Two Taiwanese children sitting on cicada-shaped chair-cajóns on a rubber-tile playground floor, with a playground slide and banyan trees in the background.
Industrial Design · 2014

Cicada Chase 逐蟬

A sit-on percussion installation for neighborhood parks. Cajón body, bamboo-cicada silhouette: the chair you sit on is the drum you play.

Year
2014
Studio project
Type
Children's play installation
Acrylic shell · EVA foam
Methods
Field observation
Form study · Rhino
Project
Solo project
01 · Form

A chair you also drum

The brief was a play installation for public spaces. What I drew was a sit-on cicada with a cajón inside it — one object that holds two behaviors at once: you can rest on it like furniture, or strike it like an instrument, and the form does not pick a side.

A young child sits on the apricot body with green wing colourway of the cicada chair, hand resting on the wing flange — the chair's two behaviors (sit-on and strike) embodied in one image.
02 · The walk

What I kept writing down

Over a few Saturday afternoons in 台南 between studio assignments, I walked through neighborhood parks within five minutes of campus and sketched what children actually did with the equipment installed for them.

The note that kept repeating: moulded-plastic playgrounds are prescribed play. Climb the ladder, go down the slide, walk back to the ladder. The behavior the equipment wants is single-output. The kids who weren’t on the equipment were the ones doing the interesting thing: slapping rhythms on the bench beside their grandmother, drawing on rubber tiles with a found stick, spinning a bamboo-cicada toy in cupped palms.

I started asking: what would a playground object look like if it permitted those side-channel behaviors as the main thing?

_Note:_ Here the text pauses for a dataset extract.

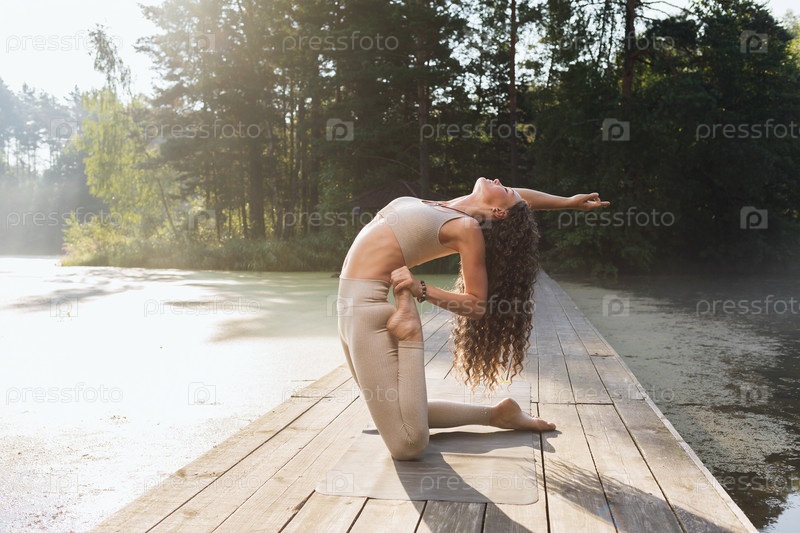 Женщина в спортивной одежде занимается йогой, выполняет упражнения Уштрасана с Вирасаной, поза верблюда и героя, тренируется на открытом воздухе в парке солнечным утром у пруда

A young child sits on an adult bench at a Taiwanese neighborhood park, legs dangling because feet don't reach the ground, looking off-camera. Another child draws on rubber tiles nearby with a small stick. Background: out-of-focus plastic playground equipment.

Field A · The bench The play happens around the equipment, not on it.

A young Taiwanese child sits cross-legged on a wooden floor, palms slightly blurred from mid-motion, rhythmically drumming on an upside-down plastic bucket, completely absorbed.

Field B · The latent drummer Any flat surface is a drum if no one stops you.

A grandfather's weathered hands offer a hand-carved bamboo cicada folk toy (竹蟬) to a small child's hand reaching up from the bottom of the frame.

Field C · The handover The folk toy that knew: form makes sound when touched.

03 · The bet

Two references in one drawing

From the walk, two references slid onto the same page in my sketchbook — one furniture, one folk toy, both already chairs of the body.

An origin sketch in pencil and watercolour: a Cajón box drum, an anatomical sketch of a cicada, and a seated figure striking a low rounded stool. Arrows connect the three to a final form proposal at the right.
  • Cajón The box drum you sit on and play between your knees. Already a chair-and-instrument hybrid. Public-park-friendly: low, broad base, no moving parts.
  • 竹蟬 Bamboo cicada The folk toy whose entire purpose is producing a sound when played with. The silhouette I wanted: rounded body, wing flange overhead, opening at one end as the resonator slot.
  • The hybrid A sit-on form whose shape itself reads as something that wants to be touched and to make sound. Cicada silhouette as design language; cajón geometry as the structural rule.
04 · The form & colour

One shell, two interchangeable parts

Body: arched cajón shell, hollow inside for tone. Wing flange: a single curved sheet that lifts off the body to read as the cicada’s membrane and acts as a hand-rest when sitting. Resonator slot: cut into the front face, the same horizontal opening that gives a cajón its bass.

Body and wing are separate mouldings. The proposal lets a purchaser (a park, a school, a daycare) spec each shell’s colour independently and pair them freely. A park can plant a small flock of cicadas that read as siblings rather than identical units.

Rear three-quarter left view of the cream cicada chair, wing flange visible from above. Three-quarter render of the cicada chair in the grey × tan colourway. Low-angle view of the grey cicada chair at 315°, resonator slot at child eye level. Top-down view of the cicada chair — wing flange reads as a folded cicada membrane.
05 · In play

Two kids, two chairs, one rhythm

The reason a flock matters: one chair is furniture, two chairs are a call-and-response. The body that drums learns faster when there’s another body drumming back.

Two Taiwanese children facing each other on cicada chair-cajóns at a neighbourhood park. One reaches a hand toward the other, pointing — mid-conversation, mid-rhythm.
06 · What stayed open

What this project didn’t do

I never built a 1:1 prototype. Never installed it in a park. Never sat with kids for a Saturday to watch them drum on it. It stayed at form-proposal: Rhino model, sketches, paper mock-ups in studio. The acoustic claim (“it’s a cajón”) is an analogy I drew, not a tuning that was measured.

If this proposal had a second life now, the first step would be a 1:1 in a real park for two weeks, with a phone on a tripod. The form was the easy part. The validation it needs is the work I haven’t done yet.